Data for analysis
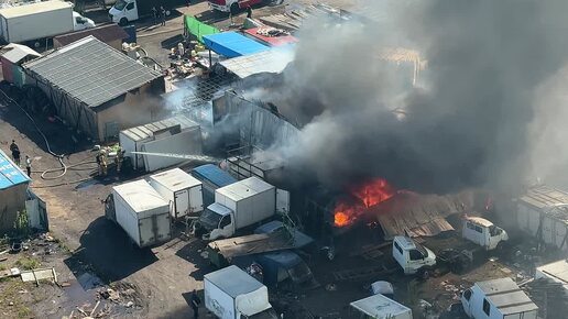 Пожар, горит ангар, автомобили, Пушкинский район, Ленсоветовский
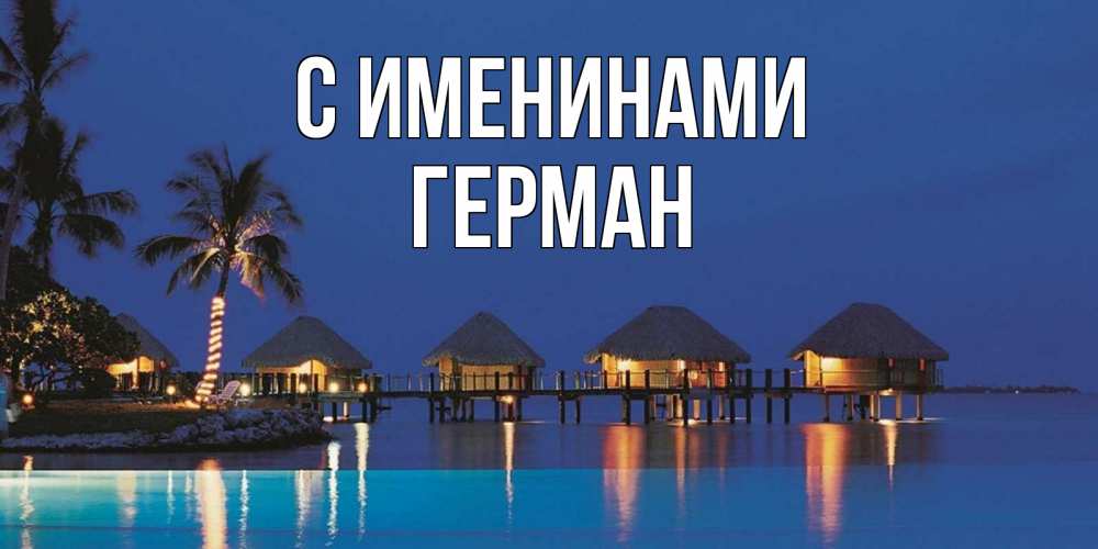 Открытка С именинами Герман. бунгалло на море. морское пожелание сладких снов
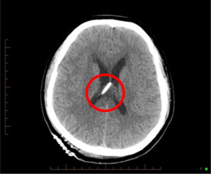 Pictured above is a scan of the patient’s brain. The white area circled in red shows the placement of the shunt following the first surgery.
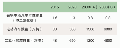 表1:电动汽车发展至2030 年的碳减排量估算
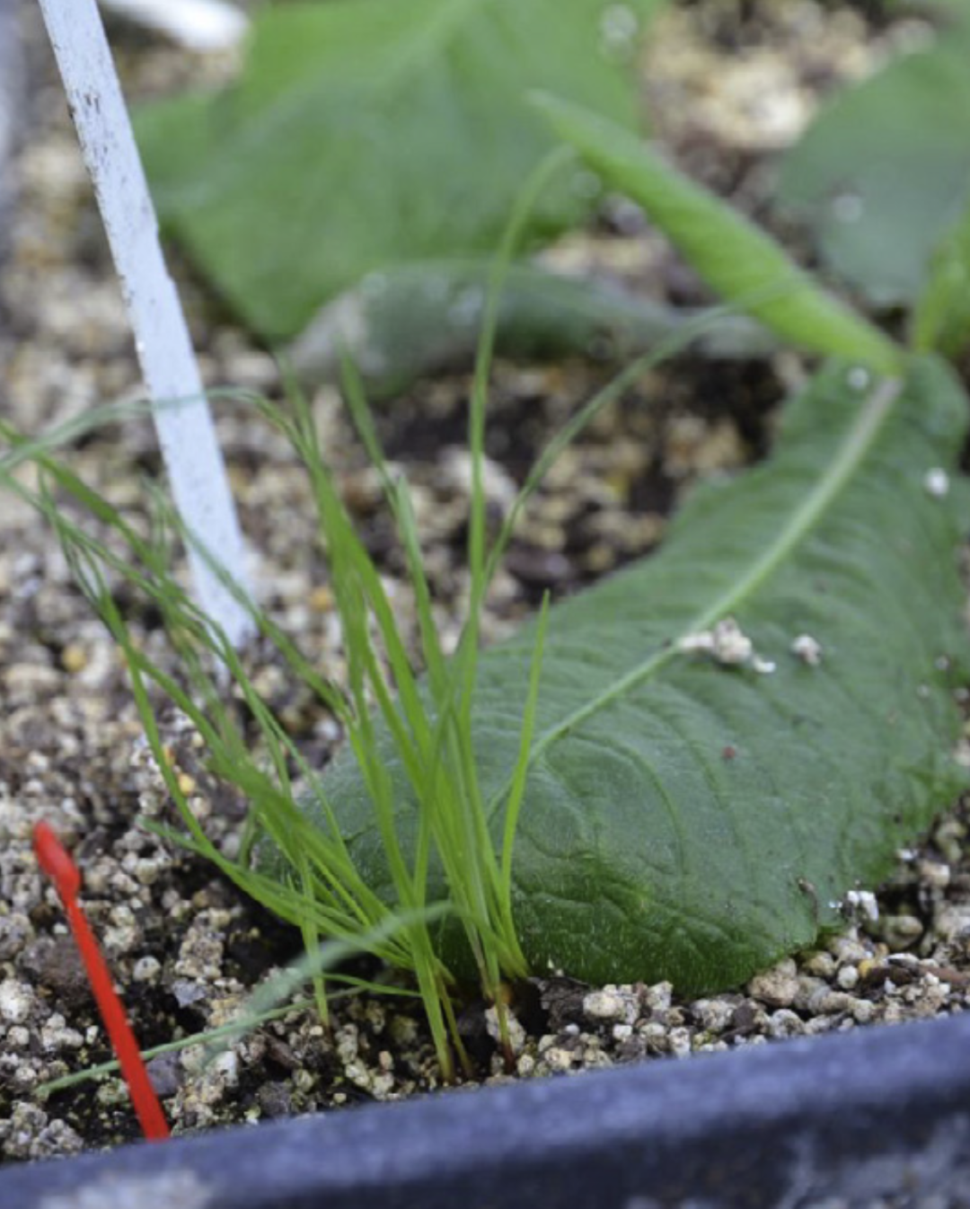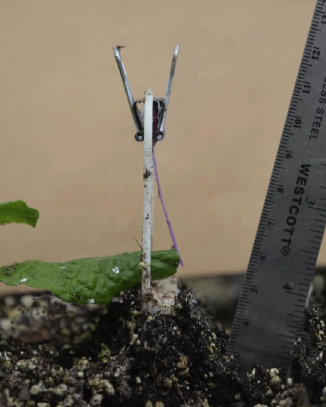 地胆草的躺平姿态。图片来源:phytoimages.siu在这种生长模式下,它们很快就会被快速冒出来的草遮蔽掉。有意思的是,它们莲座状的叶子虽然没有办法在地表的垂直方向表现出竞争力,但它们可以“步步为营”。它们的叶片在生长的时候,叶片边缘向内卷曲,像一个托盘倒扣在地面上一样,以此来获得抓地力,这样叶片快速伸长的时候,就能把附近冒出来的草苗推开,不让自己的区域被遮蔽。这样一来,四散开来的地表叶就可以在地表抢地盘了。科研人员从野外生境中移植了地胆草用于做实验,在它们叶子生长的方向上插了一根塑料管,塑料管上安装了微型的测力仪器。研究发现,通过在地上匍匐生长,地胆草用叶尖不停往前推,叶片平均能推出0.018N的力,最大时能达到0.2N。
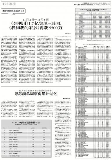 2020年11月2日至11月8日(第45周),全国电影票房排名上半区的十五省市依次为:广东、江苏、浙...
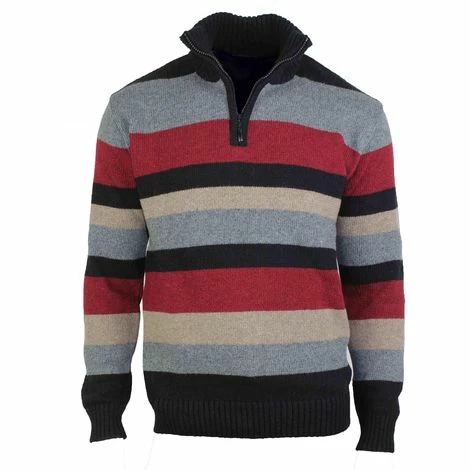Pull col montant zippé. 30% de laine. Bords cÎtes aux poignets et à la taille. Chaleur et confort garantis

What to produce
Begin at the top of the records above and retype each line exactly until the line containing "表1:电动汽车发展至2030 年的碳减排量估算", which is included. Skip all pictures.

Result for this exercise
 Пожар, горит ангар, автомобили, Пушкинский район, Ленсоветовский
 Открытка С именинами Герман. бунгалло на море. морское пожелание сладких снов
 Pictured above is a scan of the patient’s brain. The white area circled in red shows the placement of the shunt following the first surgery.
 表1:电动汽车发展至2030 年的碳减排量估算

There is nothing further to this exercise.